Silicon Valley is Mike Judge and Alec Berg’s biting comedy about the American tech industry, now in its fourth season. Every week, we’ll be taking one idea, scene, or joke and explain how it ties to the real Silicon Valley and speaks to an issue at the heart of the industry and its everlasting goal to change the world — and make boatloads of money in the process.
Spoilers ahead for the sixth episode of season 4, “Customer Support.”
When Silicon Valley creators Mike Judge and Alex Berg set out to satirize the tech industry, they knew they would need a bloviating, self-indulgent moron that would be emblematic of a certain type of Bay Area entrepreneur.
Under all the grand mission statements and platitudes about changing the world, the tech industry still runs on cash, and promises of more cash to come. That requires people who are often capable of lying, or even going so far as to believe their own bullshit. That’s why T.J. Miller’s Erlich Bachman has been a fixture on Silicon Valley since day one, despite not having any material impact on Richard’s dreams of building a revolutionary product. From his delusional sense of self to his scummy and exploitative tech incubator to his astounding ability to sell nonsense to smart people with money, Bachman as an idea is as much a part of Silicon Valley’s lifeblood as Apple, Facebook, and Google.
Bachman is the premier bullshit artist of ‘Silicon Valley’
In “Customer Support,” we get a fresh reminder of why Miller’s character has been so integral to the show’s overarching belief that modern technology is equal parts ambitious and ludicrous.

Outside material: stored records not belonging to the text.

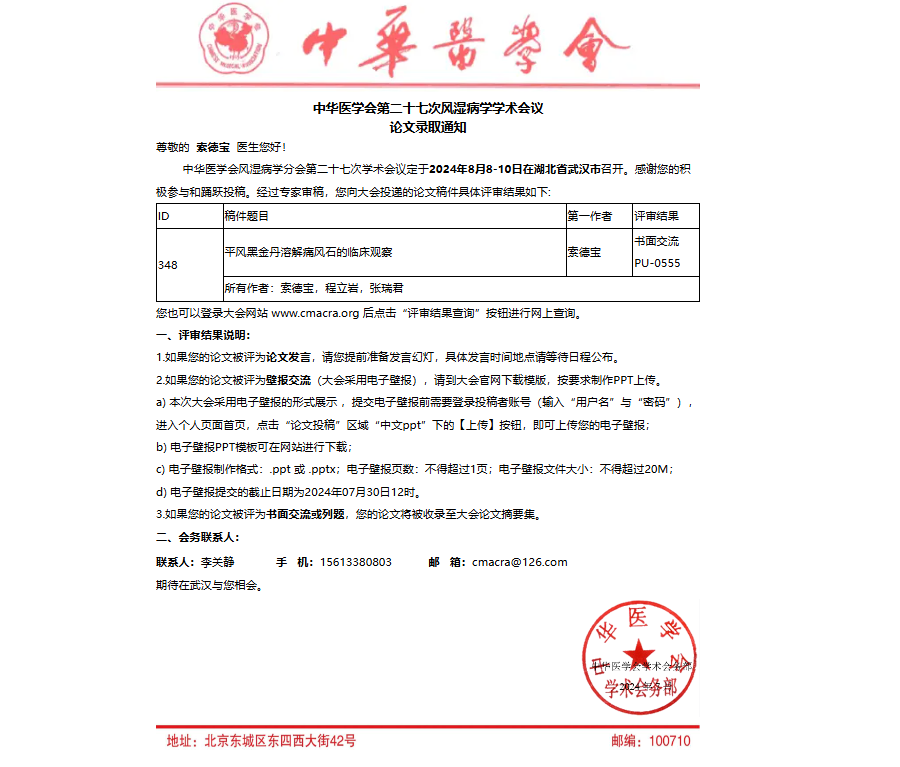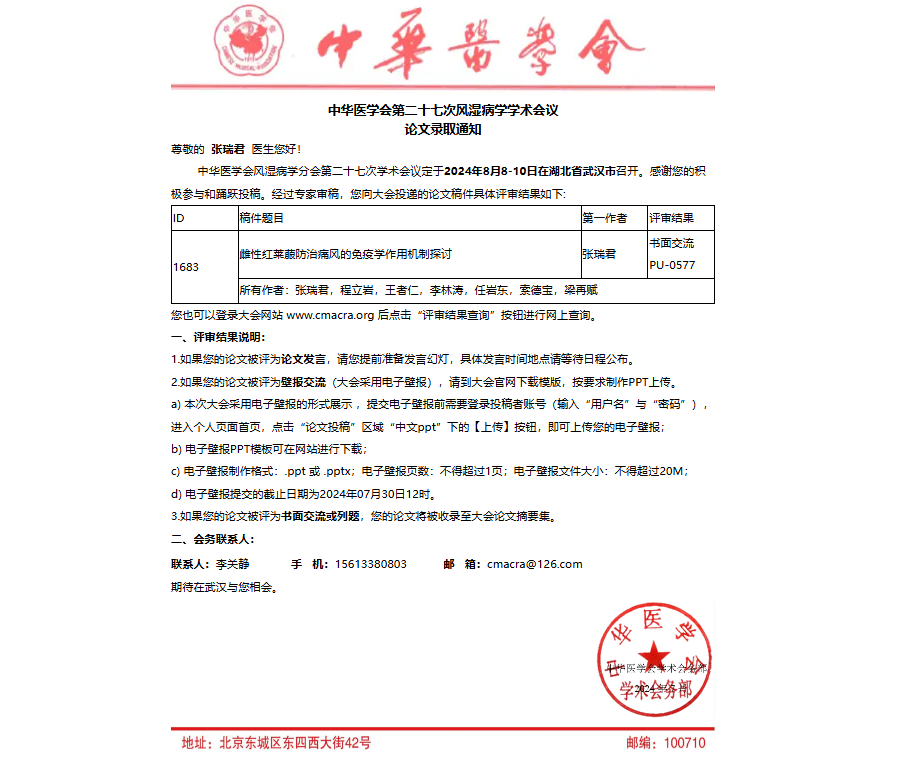 抗風(fēng)竤再迎里程碑式突破!我院兩篇論文成功被中華醫(yī)學(xué)會(huì)第二十七次風(fēng)濕病學(xué)學(xué)術(shù)會(huì)議收錄
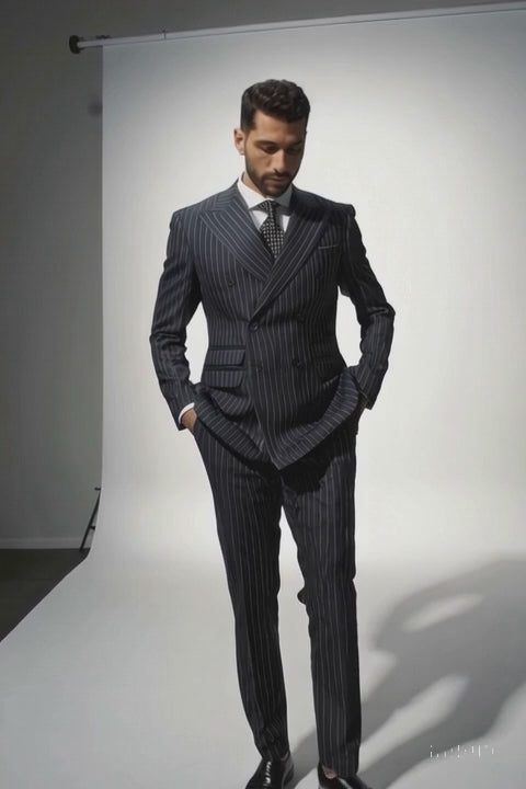 Experience timeless elegance and modern craftsmanship with our Men’s Italian Wool Suit in Charcoal Grey, a masterpiece designed for the sophisticated gentleman who values quality, comfort, and refined style. This men’s designer classic fit double-breasted wool pinstripe suit embodies the perfect fusion of traditional tailoring and contemporary luxury, making it an essential piece for business, weddings, or formal occasions.
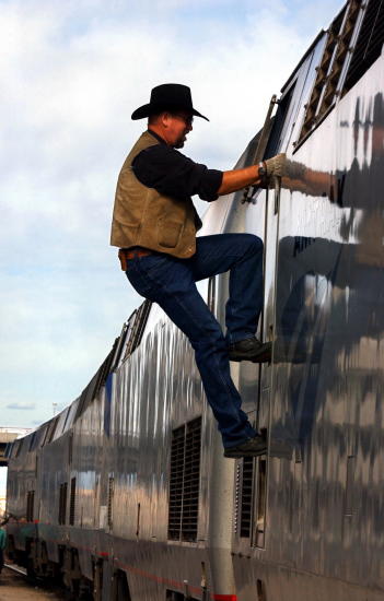 Pluss at Amtrak nå og da kjørte inn på et sidespor og stoppet, kanskje ved en nedlagt stasjon som liknet på en scene fra en av mange b-filmer, for at de av oss som er så dumme, skulle få en etterlengtet smoke-stop.
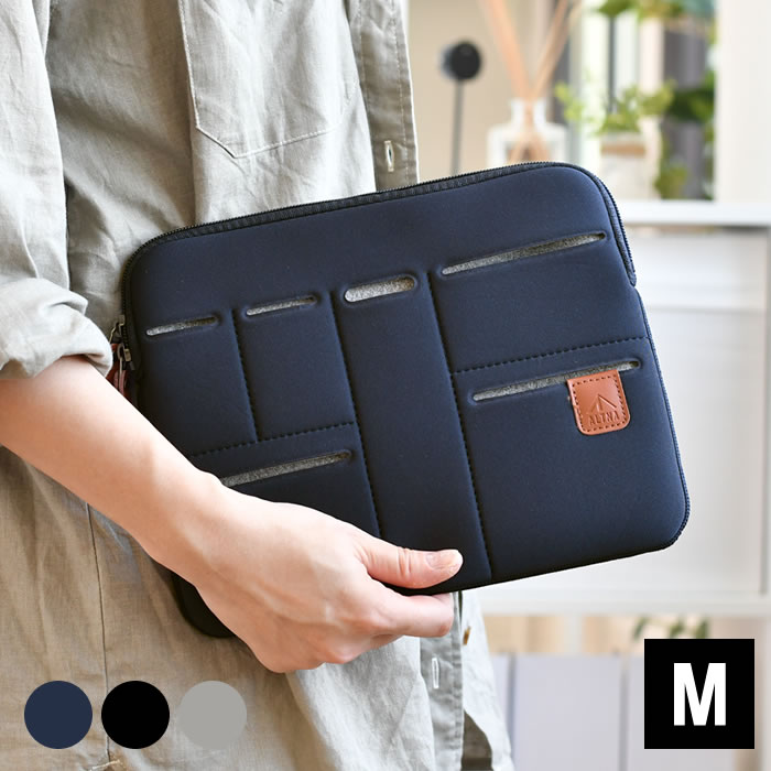 男女問わず使いやすいタブレットケースですね。ポケットが細かくて多いので、ガジェット類やペンを入れやすくお洒落にまとまりそう。クッション性のある裏地で衝撃にも強くてお勧めです。
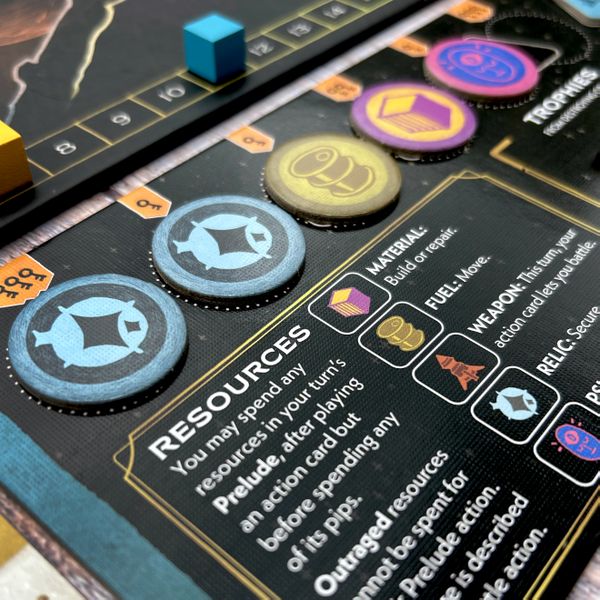 Но добрые люди делают неопреновые поля для различных игр. В том числе и для Arcs. И как раз есть расширенный вариант, где значки ресурсов побольше, да и в придачу место для карт гильдии. Не сказать что неопреновое поле для Arcs прям необходимо, поскольку это покрытие очень удобно для карточных игр (удобно выкладывать и брать со стола), а на поле карт не сильно много. Но солидности прибавляет.
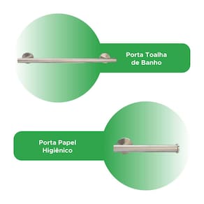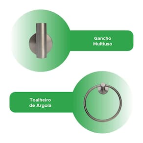 Itens inclusos: - 1x Porta toalha de banho - 1x Porta papel higiênico - 1x Gancho multiúso - 1x Toalheiro de argola - Kit Parafusos e buchas para instalação

Richard is attempting to build out his idea of a “new internet” — effectively a peer-to-peer network built off smartphones — by selling businesses on a data storage solution that could save them millions. The only problem: like so many of Richard’s dreams, he hasn’t quite been able to realize it yet. The product doesn’t exist, and yet the team still has to try and sell it to get the funds they so desperately need.
That’s where Bachman comes in, and more specifically where his particular con man philosophy shines. While Richard spends much of “Customer Support” keeping Bachman’s sexist and moronic impulses at bay, he still on some level recognizes that the whole exercise really is a game of make-believe. He has to convince businesses that his compression algorithm can function the way he thinks it can, without any research or even experience to support the claim. In other words, he has to bullshit. (Bachman’s skills are even further highlighted later in the episode, when he convinces Palmer Luckey-like virtual reality whiz kid Keenan Feldspar to choose Laurie and Monica as potential investors.)
This type of scenario has played out countless times in the real tech industry, where either out of a good faith, hidden desperation, or blind hope, someone sells a room of intelligent people on an idea that isn’t quite there yet. There’s the numerous now-defunct startups that promised to simplify our lives with “all-in-one” credit cards that didn’t work all that well. Better yet, remember mobile payments nightmare Clinkle that ended up crashing and burning in an attempt to invent a new way to pay with your phone?
Even products that functioned as intended, like social networks and chat apps, vacuumed up millions in VC funding only to fail at maintaining the meteoric growth necessary to survive as free software in the App Store. (See: Airtime, Formspring, Meerkat, Secret, Yik Yak.)
Where does ‘Silicon Valley’ go without Bachman?
What’s so interesting about this particular plot point on Silicon Valley is that it happens to dovetail neatly with some intriguing real-life news: Miller won’t be returning for the renewed season 5 of Silicon Valley. HBO described the departure as a “mutual agreement,” and many speculate Miller is just gearing up for a more serious movie career given his new comedy special and a string of voice acting gigs in big-name productions.
Yet it still raises an interesting question about the future of the show. I’m sure Judge, Berg, and their writers will concoct an excellent and fitting departure for Bachman in the season 5 premiere, in the same way they deftly handled the death of actor Christopher Evan Welch, who played VC Peter Gregory. But what’s a bit of satire on the bullshit in Silicon Valley without its premier bullshit artist?
Perhaps Bighead’s newfound skills pretending to be a Stanford CS professor will have prepared him to inherit the mantle? Or maybe Gilfoyle, with his empathy-devoid deadpan personality, will step up to be the anti-Bachman — the fresh dose of no-bullshit attitude the Pied Piper crew needs to finally break through. Because I think we can all agree that while Dinesh played the part well, he didn’t have what it takes to bullshit his way to the top.